There is this thing people speak of called sleep. Apparently it is when a body places itself in a safe space and goes into a dormant state to re-energize itself. It sounds wonderful. There seems to be a conspiracy here to keep me from enjoying that thing called sleep. And, like most conspiracies, all parties involved have a role to play in making it happen - or not happen - as the case may be.
Last night, for example, I was exhausted from helping hubby clean out the garage. I missed the chance to do it ten years ago when I was actually capable of doing more than loading/unloading the dishwasher. Yesterday, I had to sit in a chair and basically direct him as to what could be saved and what could be tossed. I felt like Caesar doing the thumbs up/thumbs down routine.
I was doing okay tossing 35 year old sippy cups and even sorting through my father's stuff from the nursing home. I was fine until he handed me a basket filled with Poco's brushes. I made the mistake of smelling one (I know, who does that?) and it still had the scent of the stuff (Cowboy Magic) I used to detangle her mane. Plus, it was filled with her hair. I lost it.
For a guy who claimed he wasn't crazy about horses he was sure devoted to this one. And she loved him back. |
Poor Andy didn't know what to do. I told him to just let me cry it out. He did, but I could hear him mumbling that he should have known this would happen. I felt like my heart was going to burst. I'm sure any neighbors within earshot were wondering what the heck was going on in the Matchett's garage.
When I finally pulled myself together, I tossed the brushes, my gloves and work boots. I kept a lead and some pictures. For some reason, I cannot toss pictures. Anyway, the whole thing wore me out emotionally. Andy did all the physical work, poor guy. I find emotional "work" harder.

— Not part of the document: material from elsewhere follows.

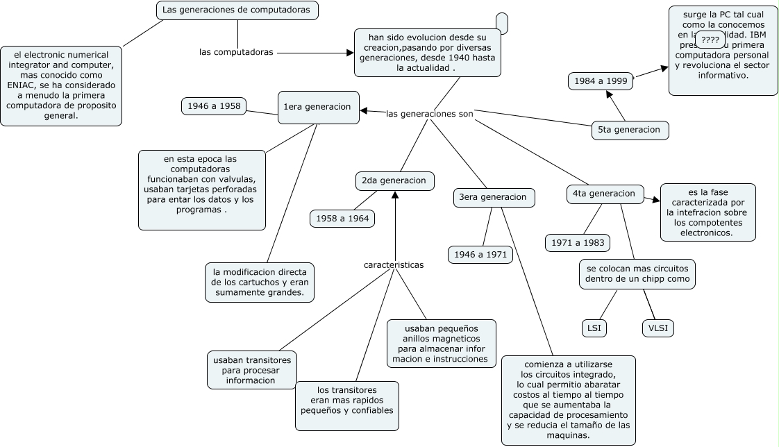 Este Cmap, tiene información relacionada con: Sin Título 1, se colocan mas circuitos dentro de un chipp como ???? VLSI, 2da generacion las generaciones son 1era generacion, 4ta generacion ???? 1971 a 1983, se colocan mas circuitos dentro de un chipp como ???? VLSI, usaban transitores para procesar informacion caracteristicas 2da generacion, usaban transitores para procesar informacion caracteristicas los transitores eran mas rapidos pequeños y confiables, usaban pequeños anillos magneticos para almacenar infor macion e instrucciones caracteristicas 2da generacion, 5ta generacion las generaciones son, 4ta generacion las generaciones son, 1984 a 1999 ???? surge la PC tal cual como la conocemos en la actualidad. IBM presenta su primera computadora personal y revoluciona el sector informativo., 1946 a 1971 ???? 3era generacion, 2da generacion las generaciones son, 4ta generacion ???? es la fase caracterizada por la intefracion sobre los compotentes electronicos., 3era generacion las generaciones son 1era generacion, 4ta generacion las generaciones son 1era generacion, comienza a utilizarse los circuitos integrado, lo cual permitio abaratar costos al tiempo al tiempo que se aumentaba la capacidad de procesamiento y se reducia el tamaño de las maquinas. ???? 3era generacion, 5ta generacion las generaciones son 1era generacion, 1946 a 1958 ???? 1era generacion, 3era generacion las generaciones son, el electronic numerical integrator and computer, mas conocido como ENIAC, se ha considerado a menudo la primera computadora de proposito general. ???? Las generaciones de computadoras

Which is why, at bedtime, I was in that bed as fast as possible. Now, we leave a small lamp lit, which the last person to bed turns off. I was already asleep when Andy came to bed and forgot to turn off the light. At some point, Rooney joined us in bed. I vaguely remember thinking I was paralyzed because I couldn't feel my legs. When I sat up, at least I could see the problem because the room was bright as day. There, draped across my legs was good old Rooney. I think it was a ploy to get me out of the bed so she could have it and her Dad all to herself. It worked. I left.
I went into the front bedroom and found little Dash sound asleep on the bed. I asked him to make room - which he did. Now, I can't say he was a pest all night. More like a little kid who thinks it's great fun to have a sleepover. He wanted me to pet him, then he sat on my head for awhile. Then he wanted to have a chat. He moved up and down the bed all night. I guess I was sort of "sleeping" but I doubt it counts if you have one eye open the whole time. And, the arm that has been killing me (yes, I'm seeing a dr. about it) was put to use most of the night because Dash didn't want me to stop petting him.
Here's the deal - you wake me up - you're going to make it worth my while. |
I am weary now, but hey, it's all good. The dogs are sound asleep snoring, even though Rooney should have had a great night's sleep. The cats are on the prowl on the porch. Poor Dash was so proud of himself when he brought me a tiny frog. (I tried to remain calm even though I know those things secrete toxins!) He couldn't figure out though, why I washed his mouth out, after bringing me his treasure. I will keep this little destructo alive if it ends up killing me in the process...
PS - I almost forgot the best part! While I was trying to fall back to sleep, I started playing Soda Crush on my Kindle. Dash loved it! He sat back in the crook of my arm and "helped" me. He kept touching the screen and he loved it when everything went kaplooie! He's quite a funny little guy.